I use Lyman Cast Bullet Handbook 3 Rd Edition and noticed a big difference between HP38 and 231 data. HP38 with the 158 gr 358311 38 Spl +P is 4.5 grs. 231 38 Spl + P data for same bullet is 5.2 grs. I know that this data originates from 1980, it could be that HP38 and 231 were different powders, but Hodgdon told me that they were always the same even when they were different companies (?)... guess they had a third party OEM make the powder for them or had one slow batch of 231.

I have current HP38 (2015 vintage). I'm reluctant to use Lyman 3 231 data using the HP38 for 38 Spl +P loadings.

What are your opinions about this difference and which one to use?
All of the controversy over the old 38 spl in the last 30+
years with the +P vs std pressure ratings and the wide
disparity in published data along with the confusion about
powders has created a generation of handloaders so fearful
that I'm surprised they even dare to load the old 38.
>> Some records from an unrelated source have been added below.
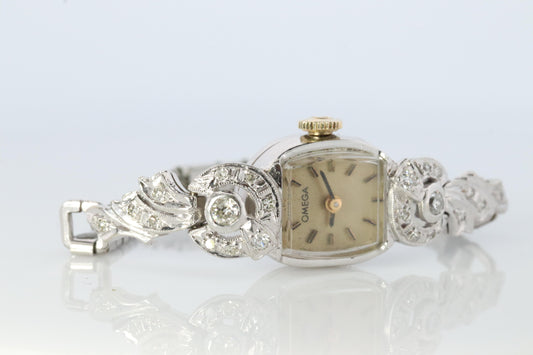 Omega watch. Omega Platinum and Diamond manual Antique Ladies wristwatch.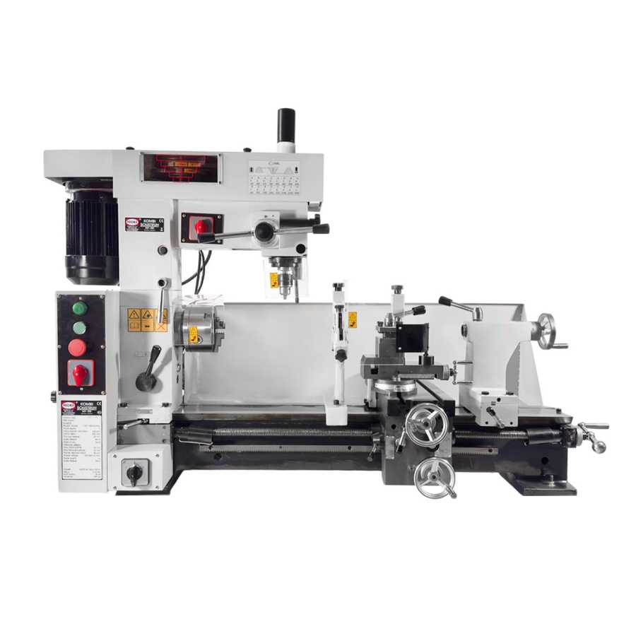 Комбинированный токарный станок PROMA SKF-800 - комбинированный станок для токарной и фрезерной обработки металла, пластмасс используют на небольших производствах и в частных мастерских. Станки PROMA зарекомендовали себя как очень надежные с большим сроком эксплуатации и высоким качеством узлов оборудования. SKF-800 имеет: устойчивою без вибрации станину, выполненную из чугуна, высокопроизводительный электродвигатель с потребляемым напряжением 380 Вольт, экран защиты зажимного патрона повышает уровень безопасности. Шпиндель с подшипниками и вращением с реверсом для нарезания резьбы. Возможность производить обточку конусов благодаря смещению с регулировкой задней бабки, а также помимо токарных работ возможность производить фрезерные и сверлильные операции, что делает данный станок многофункциональным.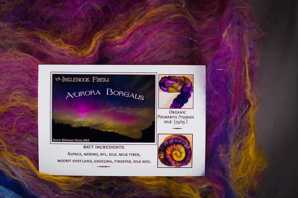 Inglenook Fibers is a hand dyed fiber studio located just outside of Boston, and it’s one of the many ways that the Sisters of the Holy Nativity Convent are totally self supporting through craft. A few weeks ago one of my pen pals there, Mother Macrina, wrote to me and asked if she could use this photo of the aurora Tito and I shot last fall as the inspiration for dying a bat of roving: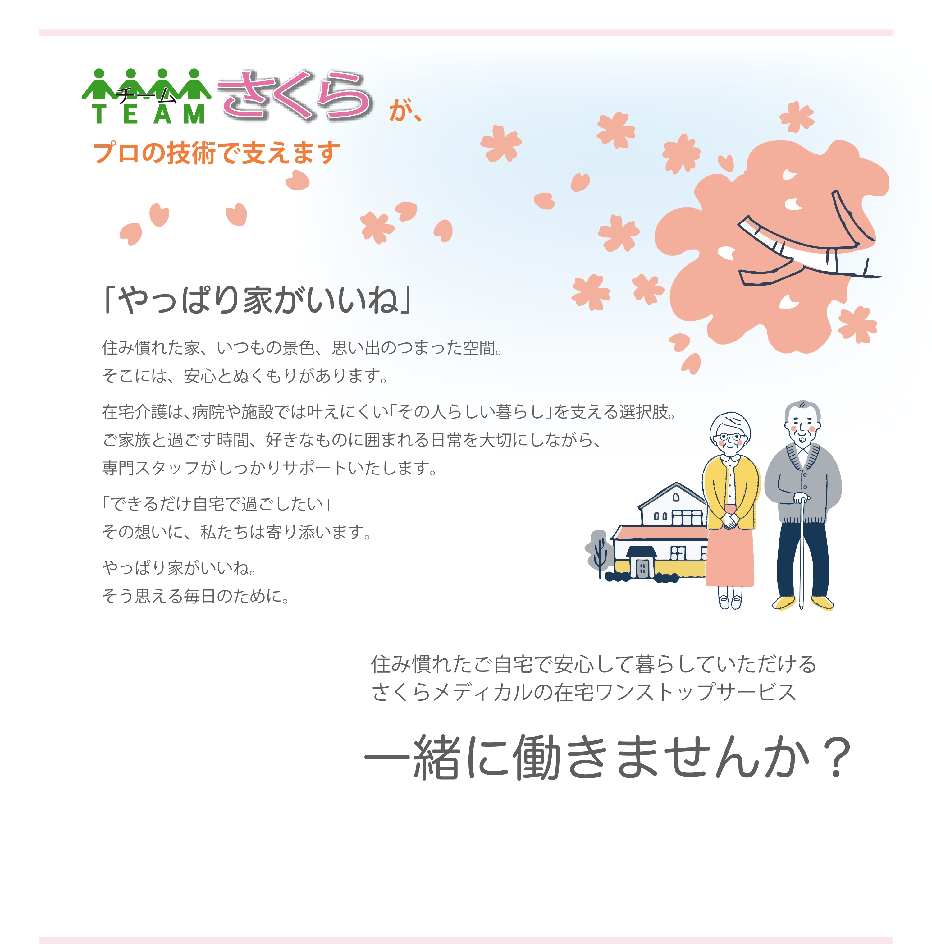 チームさくらが住み慣れたご自宅での生活をワンストップでサポートいたします

Questions posted on here usually result in lots of answers
that are simply opinions and have no relevance to what
reliable data is available. I think Alk is right in that lots of
data in manuals was published without actually being
pressure tested. I truely doubt that anyone will ever see any
load that exceeds the 20,000 psi limit for +P listed in any
manual that does pressure test their loads. Also I remember
a product evaluation of W231 way back when it was new that
strongly emphasized that 231 was designed to be consistant
from lot to lot by volume, NOT scale weight because most loaders used measures instead of scales. This was either not
read by most handloaders or just ignored because they just
know better. And lastly I am bemused by all the handloaders
who seem nearly scared to death to load steel K frames
with anything but light 38 spl plinking loads when a fairly
common practice by "gunsmiths" back in the late 60s-early
70s was rechambering K frame 38 spls for the .357 mag ctg.